– Я не писал. Меня спросили, я ответил.
– Ты в детстве гранатами не баловался? Лучше бы тебе руки оторвало, потерь меньше. Ты кто такой, чтобы планировать. Госплан? Фельдмаршал Кутузов?
– Так и было.
– Нет, вы посмотрите на него, – дядя Лева всплеснул руками. – Человек-пароход, товарищ Маузер, ледокол Ленин. Граждане снимите шляпы, а то сдует ветром – идет герой! Знаете, что вам не хватает, юный господин Крузенштерн? Скромности. Если вы герой, то не кричите об этом на каждом углу, ходите мимо следователя, не стучите во все двери. Зачем написал: из корыстных побуждений. Будто бы хотел наследство получить. Это юмор? На сцене можно животики надорвать, когда поклонницы букеты несут, а не венки на кладбище. Кому ты что доказал?
– Может, я хочу, чтобы расстрел дали.
Дядя Лева совсем расстроился.
– У тебя был пистолет, – простонал он. – Почему ты не застрелился? Дал бы мне. Я бы тебя надежно застрелил, и уговаривать никого не надо. Если жить не желаешь, зачем голову морочишь? Сунь ее в петлю. И головные боли достанутся другим.
– Самоубийство грех.
– Кремень, скала. Дуб дремучий! – дивился дядя Лева. – Вот братец твой, действительно, был герой, и попробуй доказать, что не так. Депутат без пяти минут, афганец раненный, медали на груди, а ты его бац! Из невесты вдову сделал, не заходя в кассу. Хоть бы на ревность сослался, или состояние аффекта, беспамятство, а он, видите ли, много лет зубы точил, – адвокат прищурился. – Жениться на ней не думаешь? Раны вдовьи зализывать. Вставай! Пошли, – дядя Лева поднял свой чемодан, погладил заботливо, словно очищал от лагерной пыли.
– Это куда еще?
– В комнату для свиданий. Будем в ножки кланяться. Не бойся, они красивые. Вставай!
– Никуда я не пойду.
– Дон Гуан недорезанный. Марш вперед, вдова зовет!
Я не пошевелился. Дядя Лева укусил чемодан за кожаный угол.

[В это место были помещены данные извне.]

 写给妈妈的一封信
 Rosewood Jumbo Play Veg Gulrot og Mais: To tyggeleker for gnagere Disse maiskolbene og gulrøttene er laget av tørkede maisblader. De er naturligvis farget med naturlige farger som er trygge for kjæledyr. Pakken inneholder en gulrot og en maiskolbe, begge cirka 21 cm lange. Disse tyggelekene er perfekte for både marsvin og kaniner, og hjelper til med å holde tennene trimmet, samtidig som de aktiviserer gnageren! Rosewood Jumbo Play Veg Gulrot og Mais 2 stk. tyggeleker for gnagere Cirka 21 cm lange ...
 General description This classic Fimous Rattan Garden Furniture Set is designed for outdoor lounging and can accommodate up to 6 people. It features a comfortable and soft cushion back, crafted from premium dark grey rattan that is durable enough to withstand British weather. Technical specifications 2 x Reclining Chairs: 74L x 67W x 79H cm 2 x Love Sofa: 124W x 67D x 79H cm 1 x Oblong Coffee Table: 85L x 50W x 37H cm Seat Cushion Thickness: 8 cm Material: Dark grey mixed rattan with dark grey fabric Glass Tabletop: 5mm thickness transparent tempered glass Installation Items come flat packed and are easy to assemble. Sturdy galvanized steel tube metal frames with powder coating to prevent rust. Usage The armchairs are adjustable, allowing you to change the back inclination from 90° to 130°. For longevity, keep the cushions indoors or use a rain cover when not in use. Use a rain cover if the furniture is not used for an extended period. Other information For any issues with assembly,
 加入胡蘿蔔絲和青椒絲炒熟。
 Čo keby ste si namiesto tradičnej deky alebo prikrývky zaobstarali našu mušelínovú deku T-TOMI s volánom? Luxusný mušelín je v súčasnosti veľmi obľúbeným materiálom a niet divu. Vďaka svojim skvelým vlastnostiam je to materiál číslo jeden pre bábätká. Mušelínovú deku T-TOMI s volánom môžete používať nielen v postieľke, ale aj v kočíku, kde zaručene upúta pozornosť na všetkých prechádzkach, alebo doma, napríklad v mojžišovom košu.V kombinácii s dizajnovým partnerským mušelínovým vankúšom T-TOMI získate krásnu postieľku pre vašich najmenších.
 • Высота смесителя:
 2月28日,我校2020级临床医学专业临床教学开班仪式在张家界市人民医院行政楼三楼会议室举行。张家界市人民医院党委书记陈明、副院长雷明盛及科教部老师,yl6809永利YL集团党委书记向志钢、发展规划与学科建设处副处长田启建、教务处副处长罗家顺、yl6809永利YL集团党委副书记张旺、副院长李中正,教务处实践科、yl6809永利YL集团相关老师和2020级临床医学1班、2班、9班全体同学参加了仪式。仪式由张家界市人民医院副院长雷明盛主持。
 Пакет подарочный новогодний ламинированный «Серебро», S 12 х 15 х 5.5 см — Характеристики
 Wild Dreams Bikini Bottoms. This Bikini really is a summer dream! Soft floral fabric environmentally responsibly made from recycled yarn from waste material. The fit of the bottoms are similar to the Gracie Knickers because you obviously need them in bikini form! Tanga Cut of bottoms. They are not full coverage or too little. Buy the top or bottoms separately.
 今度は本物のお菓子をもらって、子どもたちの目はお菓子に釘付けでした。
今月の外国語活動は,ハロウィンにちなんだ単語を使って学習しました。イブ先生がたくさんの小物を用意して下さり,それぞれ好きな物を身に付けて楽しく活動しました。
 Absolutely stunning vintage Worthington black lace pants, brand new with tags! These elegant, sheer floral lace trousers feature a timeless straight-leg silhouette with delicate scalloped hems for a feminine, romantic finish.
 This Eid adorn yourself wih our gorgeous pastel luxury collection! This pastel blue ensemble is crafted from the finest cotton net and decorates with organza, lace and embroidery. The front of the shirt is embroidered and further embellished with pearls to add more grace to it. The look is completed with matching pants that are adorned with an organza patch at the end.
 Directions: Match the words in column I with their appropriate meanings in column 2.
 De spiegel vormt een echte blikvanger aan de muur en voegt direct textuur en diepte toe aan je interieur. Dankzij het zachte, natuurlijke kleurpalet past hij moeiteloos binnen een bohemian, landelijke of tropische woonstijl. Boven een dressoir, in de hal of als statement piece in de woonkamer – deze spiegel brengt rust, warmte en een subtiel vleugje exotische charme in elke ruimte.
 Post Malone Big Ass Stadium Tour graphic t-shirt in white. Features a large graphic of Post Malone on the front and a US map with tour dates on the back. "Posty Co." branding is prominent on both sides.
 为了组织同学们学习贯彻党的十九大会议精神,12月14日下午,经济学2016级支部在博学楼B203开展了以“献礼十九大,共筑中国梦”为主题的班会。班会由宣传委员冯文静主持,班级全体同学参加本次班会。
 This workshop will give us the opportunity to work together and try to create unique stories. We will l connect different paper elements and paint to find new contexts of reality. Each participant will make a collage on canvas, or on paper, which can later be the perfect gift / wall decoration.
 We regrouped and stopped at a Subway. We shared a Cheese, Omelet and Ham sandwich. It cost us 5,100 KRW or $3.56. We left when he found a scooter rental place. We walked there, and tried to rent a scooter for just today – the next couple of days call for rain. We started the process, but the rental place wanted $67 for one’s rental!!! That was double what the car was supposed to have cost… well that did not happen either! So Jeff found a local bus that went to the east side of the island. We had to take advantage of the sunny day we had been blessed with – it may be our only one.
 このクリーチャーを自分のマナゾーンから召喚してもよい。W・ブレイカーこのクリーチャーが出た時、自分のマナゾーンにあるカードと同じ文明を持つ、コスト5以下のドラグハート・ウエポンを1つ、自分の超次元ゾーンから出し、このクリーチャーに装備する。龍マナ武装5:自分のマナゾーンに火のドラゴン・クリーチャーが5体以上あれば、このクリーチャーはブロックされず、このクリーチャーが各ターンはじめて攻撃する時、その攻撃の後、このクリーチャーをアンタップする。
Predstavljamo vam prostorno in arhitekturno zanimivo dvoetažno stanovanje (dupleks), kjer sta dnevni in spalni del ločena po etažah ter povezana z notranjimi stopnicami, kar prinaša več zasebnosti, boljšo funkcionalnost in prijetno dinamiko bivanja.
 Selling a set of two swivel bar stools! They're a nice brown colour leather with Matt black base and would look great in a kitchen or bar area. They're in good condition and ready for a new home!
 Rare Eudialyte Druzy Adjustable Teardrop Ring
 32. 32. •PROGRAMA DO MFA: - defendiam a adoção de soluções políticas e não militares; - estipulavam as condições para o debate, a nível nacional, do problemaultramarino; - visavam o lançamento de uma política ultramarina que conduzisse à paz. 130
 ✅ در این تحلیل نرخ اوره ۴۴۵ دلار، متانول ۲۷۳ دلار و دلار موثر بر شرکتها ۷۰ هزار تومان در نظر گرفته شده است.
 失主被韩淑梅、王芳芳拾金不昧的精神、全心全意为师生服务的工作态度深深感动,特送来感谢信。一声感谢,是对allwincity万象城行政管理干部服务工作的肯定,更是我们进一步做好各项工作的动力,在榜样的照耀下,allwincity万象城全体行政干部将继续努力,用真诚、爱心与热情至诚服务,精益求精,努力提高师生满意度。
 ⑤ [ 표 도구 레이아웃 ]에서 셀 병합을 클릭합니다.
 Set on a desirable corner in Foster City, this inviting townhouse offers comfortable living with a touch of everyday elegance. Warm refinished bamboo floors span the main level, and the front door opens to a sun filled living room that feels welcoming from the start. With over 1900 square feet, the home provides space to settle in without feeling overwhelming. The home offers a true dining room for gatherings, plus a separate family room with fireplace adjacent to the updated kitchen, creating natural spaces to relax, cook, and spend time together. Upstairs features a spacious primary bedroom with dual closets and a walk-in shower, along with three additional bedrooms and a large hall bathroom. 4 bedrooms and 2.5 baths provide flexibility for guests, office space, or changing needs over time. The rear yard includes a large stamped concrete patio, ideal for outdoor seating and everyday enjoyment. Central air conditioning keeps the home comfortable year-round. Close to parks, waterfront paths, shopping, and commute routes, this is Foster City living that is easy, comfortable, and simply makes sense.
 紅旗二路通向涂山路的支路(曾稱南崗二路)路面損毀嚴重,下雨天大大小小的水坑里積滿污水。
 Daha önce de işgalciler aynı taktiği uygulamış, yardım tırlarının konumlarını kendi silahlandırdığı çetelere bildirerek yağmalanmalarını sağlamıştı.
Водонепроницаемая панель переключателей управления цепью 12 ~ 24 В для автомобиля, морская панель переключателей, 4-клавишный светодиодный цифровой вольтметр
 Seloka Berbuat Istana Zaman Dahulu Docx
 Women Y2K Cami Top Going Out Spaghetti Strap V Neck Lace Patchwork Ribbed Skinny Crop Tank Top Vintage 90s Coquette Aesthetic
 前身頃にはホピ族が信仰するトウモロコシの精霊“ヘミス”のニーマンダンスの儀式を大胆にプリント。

– Она и так много сделала, меня пригласила, чтобы компетентный адвокат, работавший в милиции, мог снять показания. И фотографа пригласил. Докажем, что ты не в депутата целился, в маньяка, честь невесты защищал. Вставай, а то ноги гудят.
– Разве надо что-то доказывать?
– Чудак-человек. Если заявление от пострадавшей не поступило, никто ее укусов считать не будет. Убийство есть убийство. Ты же не таракана застрелил. От нее зависит, по какой статье суд приговор вынесет.
– А свидетели?
– Им рот заткнули.
– Кто?
– Или тебе это интересно. Идешь или нет?
– Нет.
– Между прочим, это свидание мне в копеечку влетело, я не альтруист, молодой человек, а всего лишь старый больной еврей, зачем тратить деньги на самоубийцу?
– Претензии не по адресу.
– Черт полосатый, матрац надувной, чтобы хуже не сказать, – он в сердцах стукнул по двери кулаком, железное эхо полетело по коридору. – Если Магомет не идет к горе, так и быть, я сюда ее приведу. Будь поласковей, она добрая девушка.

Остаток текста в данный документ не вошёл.